- The plugin API only supports GET and POST. It would be desirable to support other methods defined in RFC 2616, such as DELETE, OPTIONS, and PUT, and also extension methods such as PROPFIND (WebDAV) or PATCH.
- HTTP request headers can only be set for POST (see NPN_PostURLNotify), but not for GET (NPN_GetURLNotify). This makes it hard to access content-negotiated resources and to control caching (such as by taking advantage of conditional requests).
- There is insufficient control over handling HTTP redirects. If a redirect is followed automatically, the caller should be able to find out the type of redirect (temporary or permanent) and the new URI. If a redirect was not followed, it should have access to status code and Location header. And finally it should be able to select whether redirects are followed or not. (Note that currently this isn't covered by XmlHttpRequest either, but is a known to-do)
- Confusion about how invalid URLs (for instance, containing non-ASCII characters or whitespace) need to be handled.
Future extensions we should plan for:
- Access to provisional 1xx responses.
- Access to HTTP trailer information.
- Interaction with security-related extensions, such as CORS or Strict Transport Security.
Existing Discussions and Documentation
- XMLHttpRequest (demonstrates that browsers already support the required functionality and could be used to define certain behaviors, such as how request headers are defaulted and combined)
- Mark Nottingham's XmlHttpRequest Test Cases
- Last modified: September 30, 2009
- Author: Darin Fisher (Google) and Julian Reschke (greenbytes)
- Contributors: Ian Melven (Adobe)
The current proposal is to add a new method inspired by NPP_URLNotify, adding the missing pieces:
NPError NPN_HttpRequest( NPP instance, PRUint64 flags, // control redirects etc const char* method, const char* url, const char* target, const char* headers, PRUint64 len, const char* buf, NPBool file, void* notifyData);
and have a matching plugin method that would be called everytime the request state changes (see XHR readyState).
void NPP_HttpResponseNotify( NPP instance, const char* url, int readyState, // http://www.w3.org/TR/XMLHttpRequest/#states int httpResponseStatus, const char* headers, // potentially including the status line void* notifyData);
A callback with readyState == DONE would then signal the completion of the request.
To address potential security issues with certain HTTP methods (for instance, TRACE), and to allow easier deployment, support for methods other than GET and POST would only be RECOMMENDED, and a new status code (see below) allows the caller to detect this condition.
New NPError codes:
// HTTP stack does not support method #define NPERR_METHOD_NOT_SUPPORTED (NPERR_BASE + nn)

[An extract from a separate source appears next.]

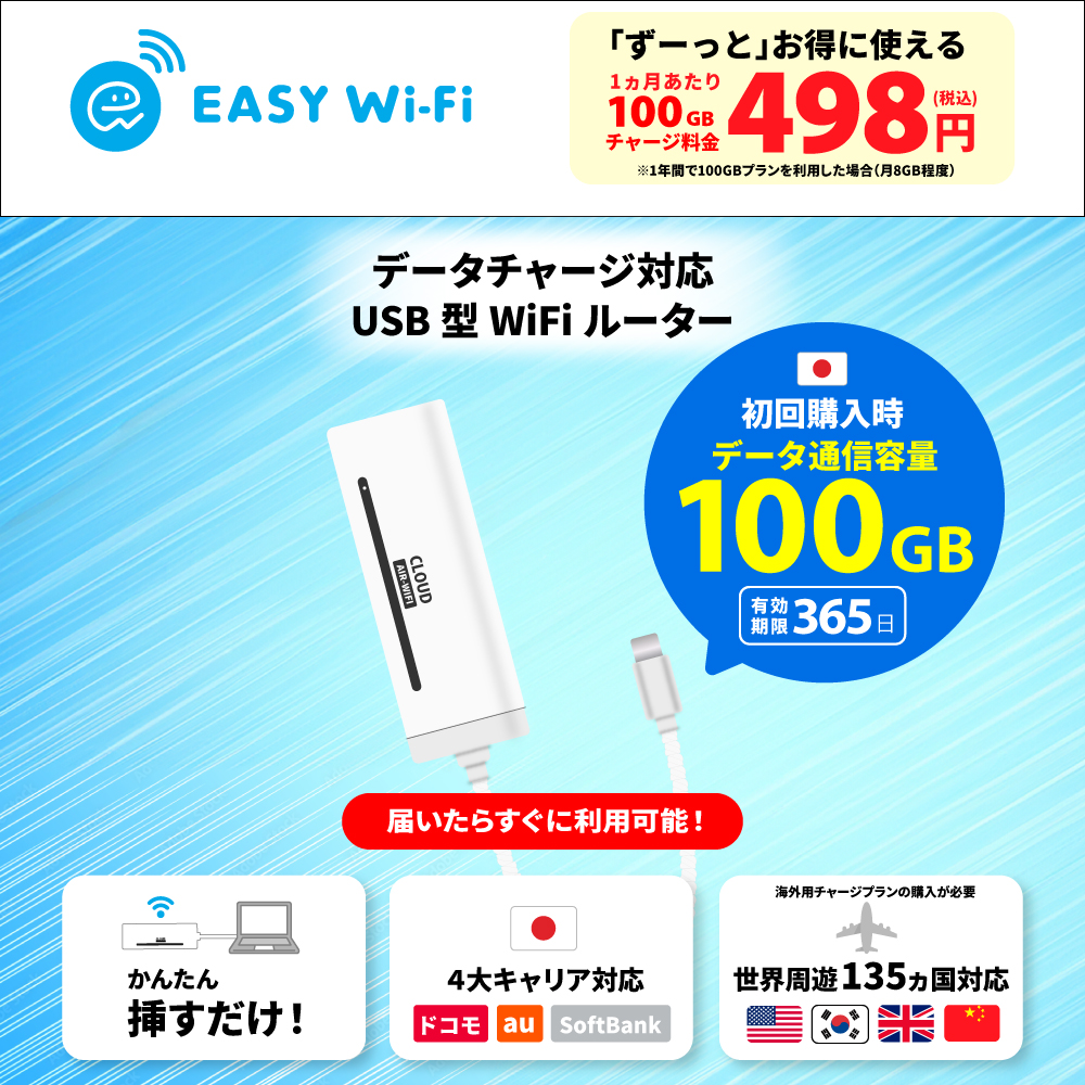 ●【日本国内100GBデータ+端末セット商品】データの有効期限は、初回通信日から365日間です。

We currently consider two use cases with respect to handling HTTP redirects:
- "best effort" - follow redirects automatically, when allowed
- "full control for plugin" - expose all information to the caller, and let it decide
In the second mode, the method would treat an HTTP redirect just like any other HTTP status. This means that the caller needs to detect the status (3xx), and obtain the Location response header to follow the redirect.

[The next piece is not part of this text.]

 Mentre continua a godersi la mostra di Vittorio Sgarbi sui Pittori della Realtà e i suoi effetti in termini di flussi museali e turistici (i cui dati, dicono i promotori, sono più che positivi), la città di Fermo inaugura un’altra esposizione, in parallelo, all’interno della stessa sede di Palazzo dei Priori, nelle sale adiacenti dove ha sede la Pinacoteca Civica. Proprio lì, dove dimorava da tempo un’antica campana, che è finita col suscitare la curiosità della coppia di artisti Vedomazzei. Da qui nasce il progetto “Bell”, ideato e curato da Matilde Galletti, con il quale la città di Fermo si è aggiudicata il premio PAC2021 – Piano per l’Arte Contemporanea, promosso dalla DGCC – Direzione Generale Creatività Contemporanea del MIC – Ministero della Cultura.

- Do we need a separate callback for the final state (as in NPN_PostURLNotify, or should we just keep calling NPP_HttpResponseNotify and add a status field as in XmlHttpRequest?) This may be obvious from the calling sequence, but we certainly need to clarify and add examples
- Is there a better way to pass in flags than setting bits in an integer parameter? Seems to be an acceptable approach; need to be clear about what the defaults are though
- Error handling in XHR (due to historical reasons) is a weird mix involving readyState, httpResponseState (going back to 0) and exceptions; we should do better than that.
- Do we need a way to abort a request? Yes. Return code from the notify callback, or new function?
- Should we provide a utility method for extracting header values from the headers char*? We have discussed this on the mailing list, and there is strong consensus to keep access to the raw header information, but also support for providing a convenience method for parsing, potentially as open-sourced reference implementation though
- Should same-origin policy apply? If not, should the plugin be able to opt in?
- Make it easier for plugins to follow a redirect? (creating a new request may be more work than it should be)
- need to clarify encoding in filename and URL parameters (for old methods as well)
- do we need to be able to specify a timeout?
- would it be better to put all the parameters in a versioned struct?